Almost 100 000 Web pages for e-commerce sites that are based on the open source OS Commerce software in accordance with security firm Armorize have been undermined with malware by means of a mass iFrame injection attack.
Chief technology officer at Armorize Wayne Huang, said that the ongoing mass-injection attacks seems to be carried out against the e-commerce sites. The successfully attacked sites are compromised with malware that is then utilized to try and attack visitors to those e-commerce sites.
Huang also adds that while attacks across the Web are not unusual, this one is notable as it is a mass-injection type of attack which is remindful of attacks that were implemented about 3 years ago very frequently but today are not so common.
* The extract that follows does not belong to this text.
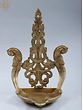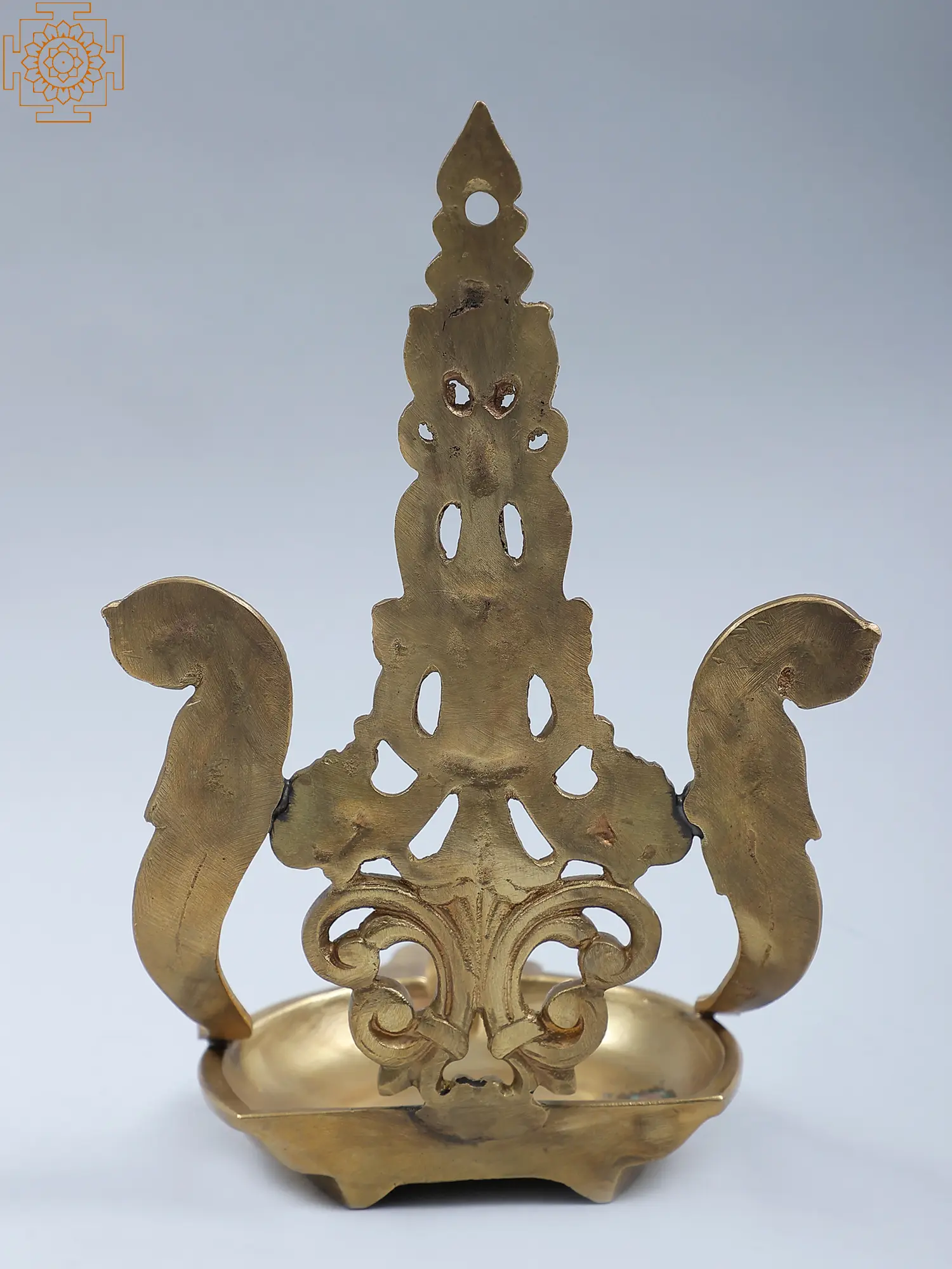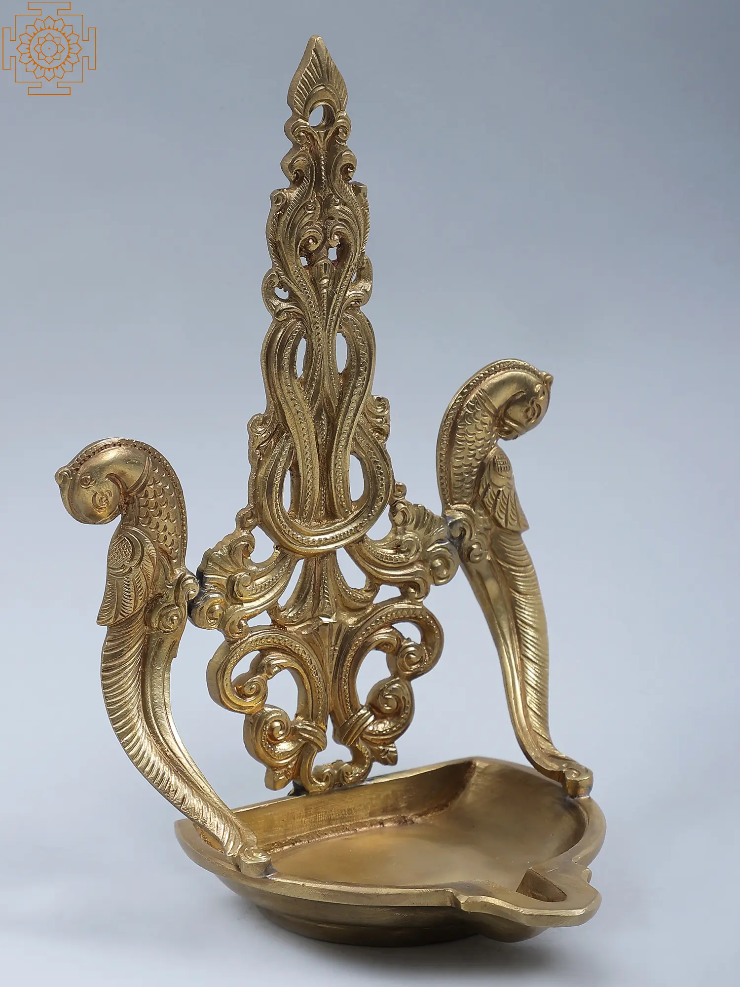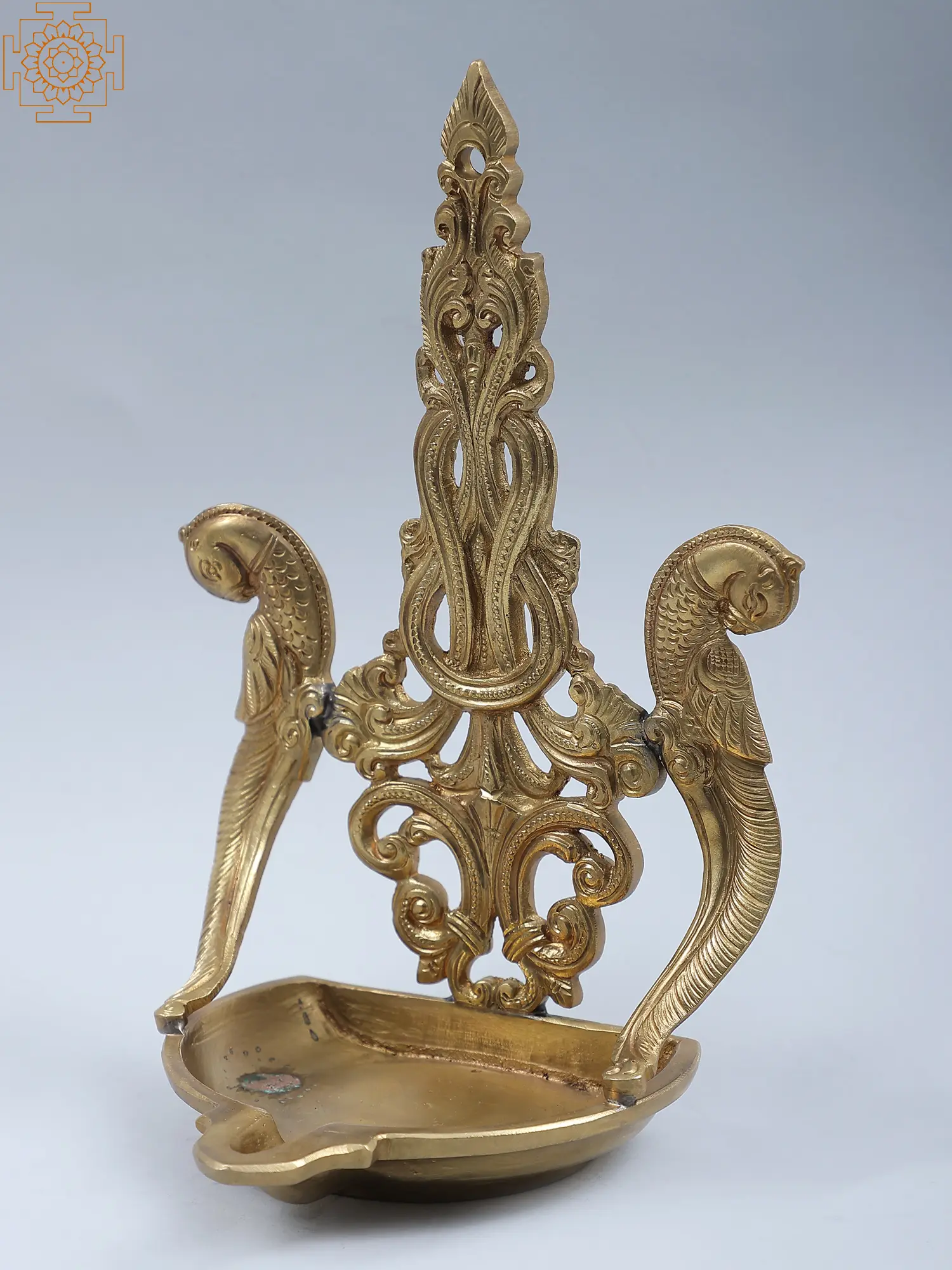This wall mount Bronze Designer Diya in Hoysala style is a remarkable monument to the glorious sculpting art that was born and cultivated throughout the Hoysala period. Inspired by the beautiful blocks of the temples of Belur and Halebidu, the artist has combined the holy emblems of parrots and vine knots to enhance the lamp's auspiciousness. The lamp, as a means for imparting the warm blessings of the Almighty, is aided by the harmony of nature to multiply the effect. The delicate embellishments highlight the artisans' talent, while the vines link nicely at the back, bringing a touch of refinement to the design. This Hoysala Art Diya is an interesting blend of art and symbolism, serving as a symbol of timeless elegance, elegance, and devotion.
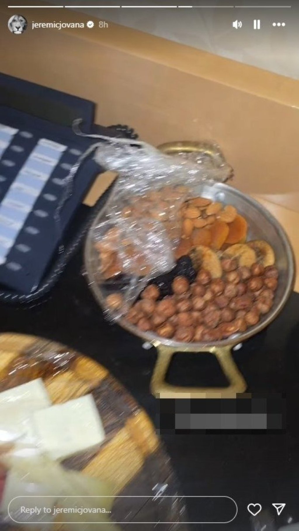 Jeremićka je uživala sa ćerkom na plaži, a po povrtaku u hotelsku sobu na stolu su ih sačekale razne đakonije. Osim predjela i voća, osoblje hotela za voditeljku je donelo i orašaste plodove.

Within the open-source software, the attackers can be leveraging a known vulnerability as Huang says, adding that attackers aim at lurking and watching for any information which is shared with public about newly detected vulnerabilities in software. He also notes that open source OS Commerce is a famous foundation for an e-commerce site that is rendered a different “look and feel” through diverse templates which are typically sold. Huang observes that some of the customization it provides can be hard to upgrade as it is sometimes “hardcoded”.
The OS Commerce open source group, according to its website, counts 249. 500 owners of store as deploying its Online Merchant software, that is available for free under the GNU General Public License. To the question emailed to OS Commerce there was no immediate response.